### [Exercise description]
Using the listing below, set down exactly the lines from the one that contains "جذاذة درس دار الأرقم (التعارف والتشاور)" through the one that contains "Custom-designed wedding cocktail", with no pictures.

### [Data shown]
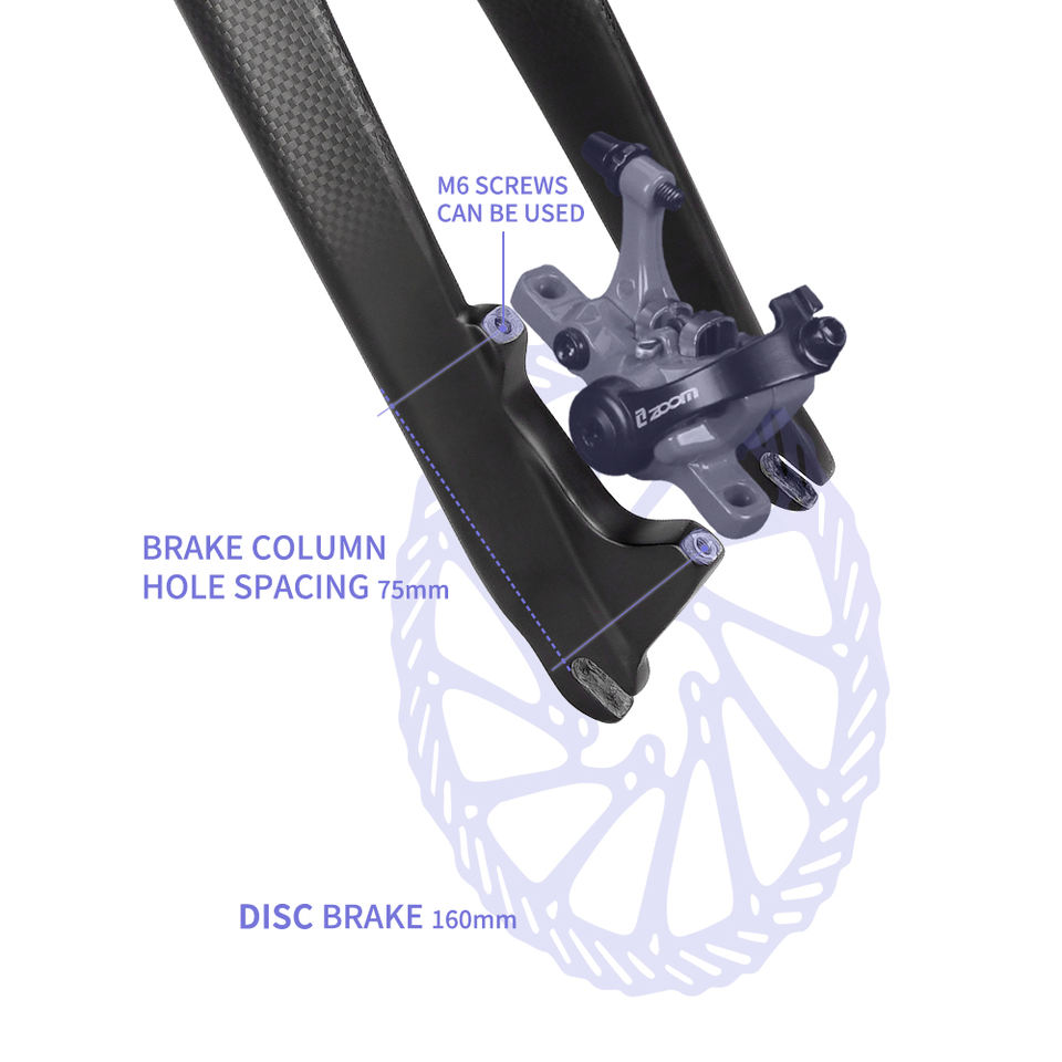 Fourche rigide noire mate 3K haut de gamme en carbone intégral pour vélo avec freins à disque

--

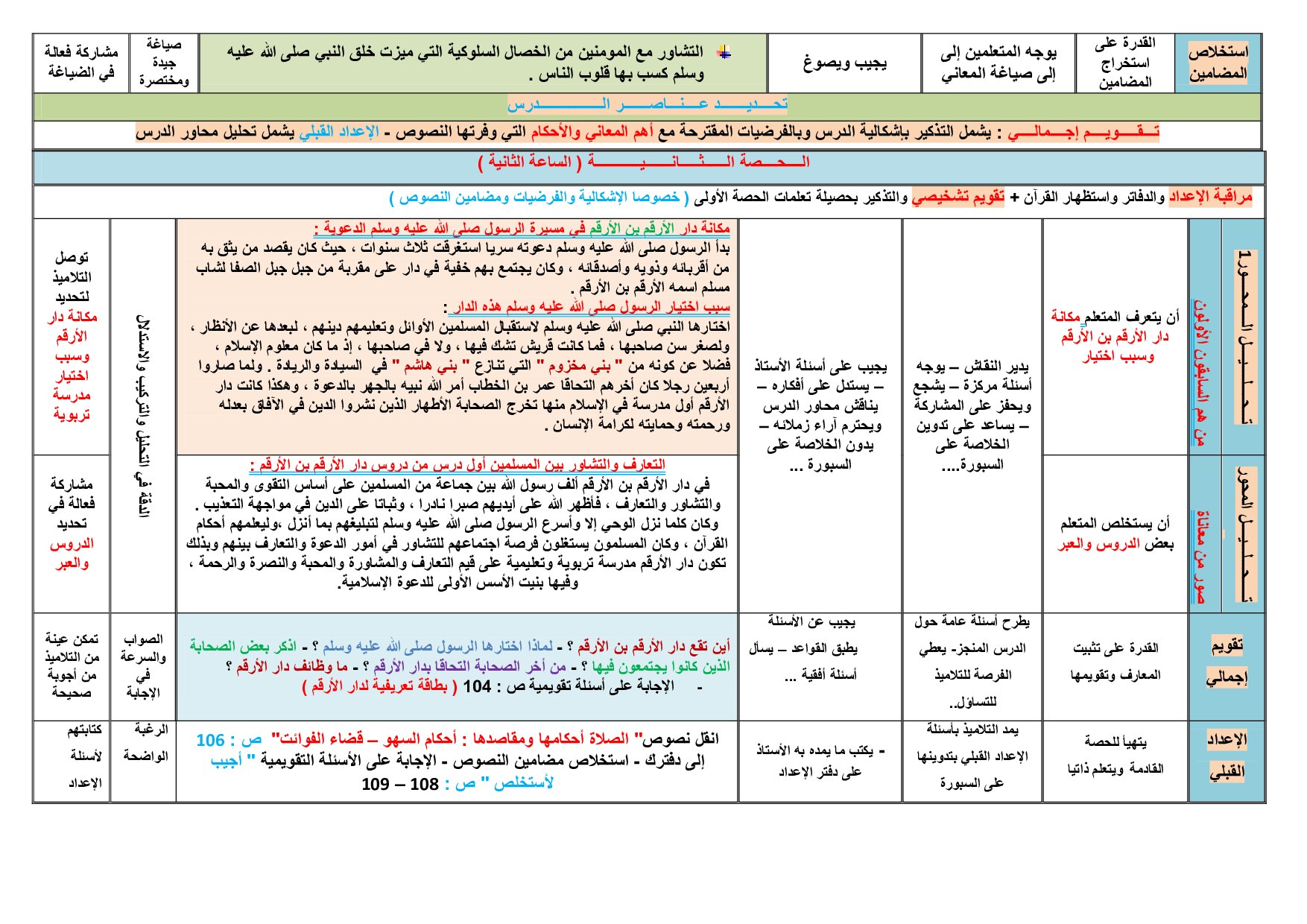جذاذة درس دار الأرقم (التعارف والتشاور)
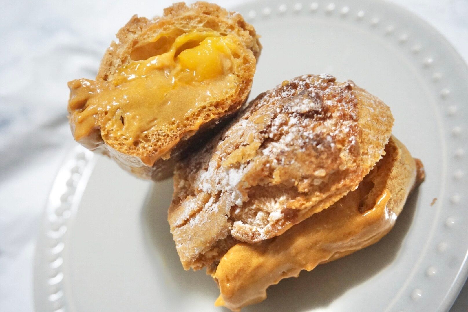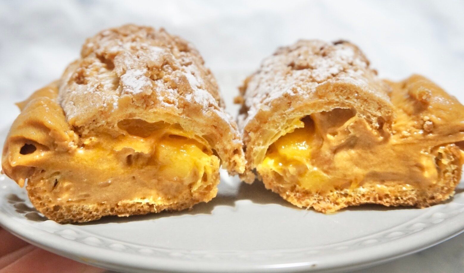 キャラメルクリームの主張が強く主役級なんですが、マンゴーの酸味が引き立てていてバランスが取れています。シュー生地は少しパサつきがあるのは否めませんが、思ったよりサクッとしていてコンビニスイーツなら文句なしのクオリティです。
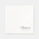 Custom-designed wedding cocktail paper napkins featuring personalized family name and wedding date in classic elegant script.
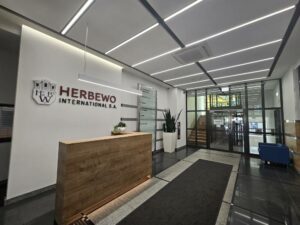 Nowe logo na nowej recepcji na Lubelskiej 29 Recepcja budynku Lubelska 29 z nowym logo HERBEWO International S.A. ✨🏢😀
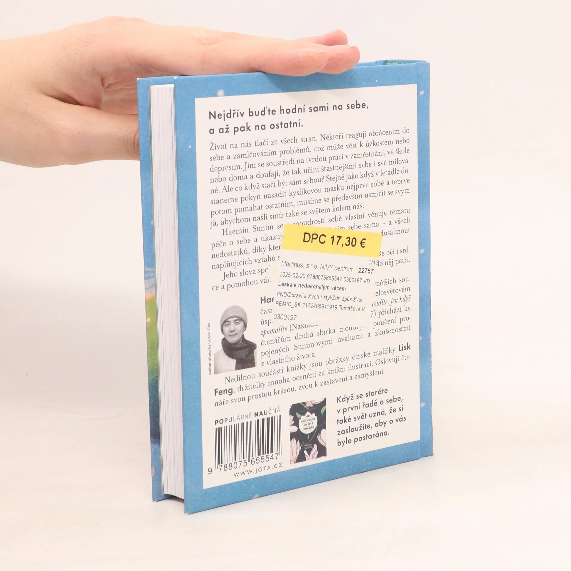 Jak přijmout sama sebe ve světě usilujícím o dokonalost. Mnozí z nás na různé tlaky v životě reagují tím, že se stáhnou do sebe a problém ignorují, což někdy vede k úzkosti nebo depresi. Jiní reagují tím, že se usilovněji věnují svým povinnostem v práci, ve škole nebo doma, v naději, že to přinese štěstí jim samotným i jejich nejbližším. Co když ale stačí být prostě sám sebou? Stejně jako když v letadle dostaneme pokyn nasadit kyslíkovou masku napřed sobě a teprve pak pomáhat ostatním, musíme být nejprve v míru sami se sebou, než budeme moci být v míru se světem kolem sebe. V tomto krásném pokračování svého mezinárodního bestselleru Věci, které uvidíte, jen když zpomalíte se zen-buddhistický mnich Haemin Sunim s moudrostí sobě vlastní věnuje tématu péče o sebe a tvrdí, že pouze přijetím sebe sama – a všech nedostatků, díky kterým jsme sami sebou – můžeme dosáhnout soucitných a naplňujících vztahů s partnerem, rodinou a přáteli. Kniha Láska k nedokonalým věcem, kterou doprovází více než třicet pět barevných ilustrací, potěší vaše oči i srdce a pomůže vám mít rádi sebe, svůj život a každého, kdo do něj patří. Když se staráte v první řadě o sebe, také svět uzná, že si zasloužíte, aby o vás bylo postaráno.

---

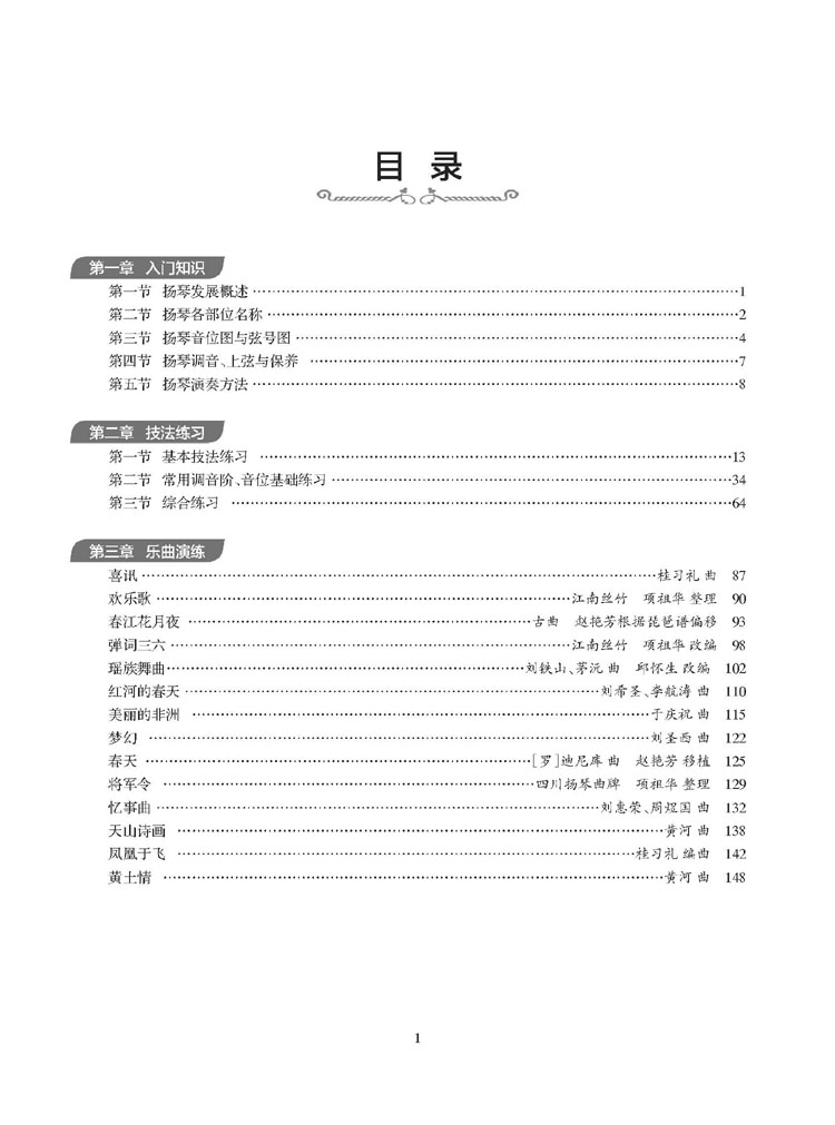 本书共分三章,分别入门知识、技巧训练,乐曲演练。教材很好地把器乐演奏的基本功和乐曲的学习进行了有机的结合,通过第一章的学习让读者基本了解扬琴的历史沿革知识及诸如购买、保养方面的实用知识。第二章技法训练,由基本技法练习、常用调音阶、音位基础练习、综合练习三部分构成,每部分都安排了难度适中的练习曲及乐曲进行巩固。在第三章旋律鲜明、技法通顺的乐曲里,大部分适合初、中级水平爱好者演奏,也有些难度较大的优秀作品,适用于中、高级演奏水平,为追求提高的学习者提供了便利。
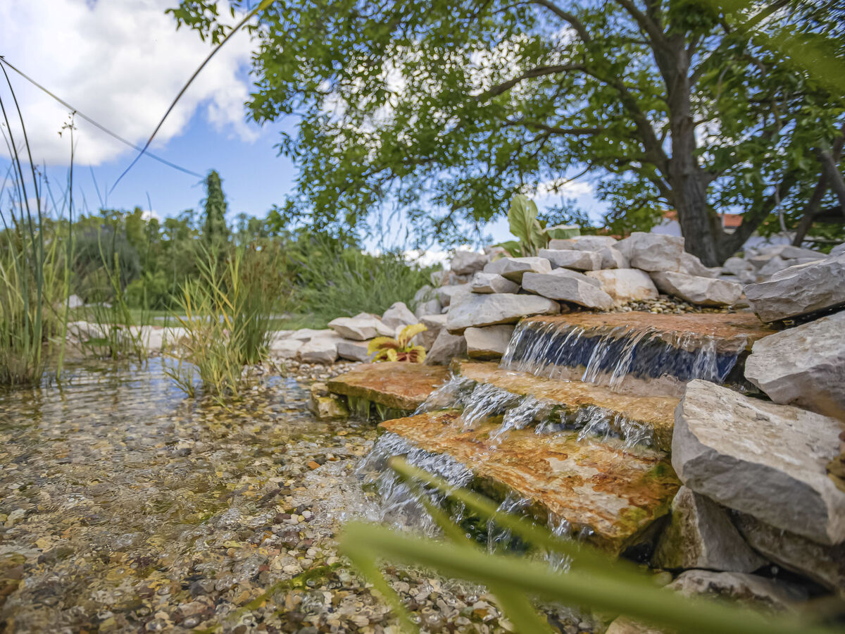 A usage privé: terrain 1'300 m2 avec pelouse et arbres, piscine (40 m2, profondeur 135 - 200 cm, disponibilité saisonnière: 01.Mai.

### [Solution]
جذاذة درس دار الأرقم (التعارف والتشاور)
 キャラメルクリームの主張が強く主役級なんですが、マンゴーの酸味が引き立てていてバランスが取れています。シュー生地は少しパサつきがあるのは否めませんが、思ったよりサクッとしていてコンビニスイーツなら文句なしのクオリティです。
 Custom-designed wedding cocktail paper napkins featuring personalized family name and wedding date in classic elegant script.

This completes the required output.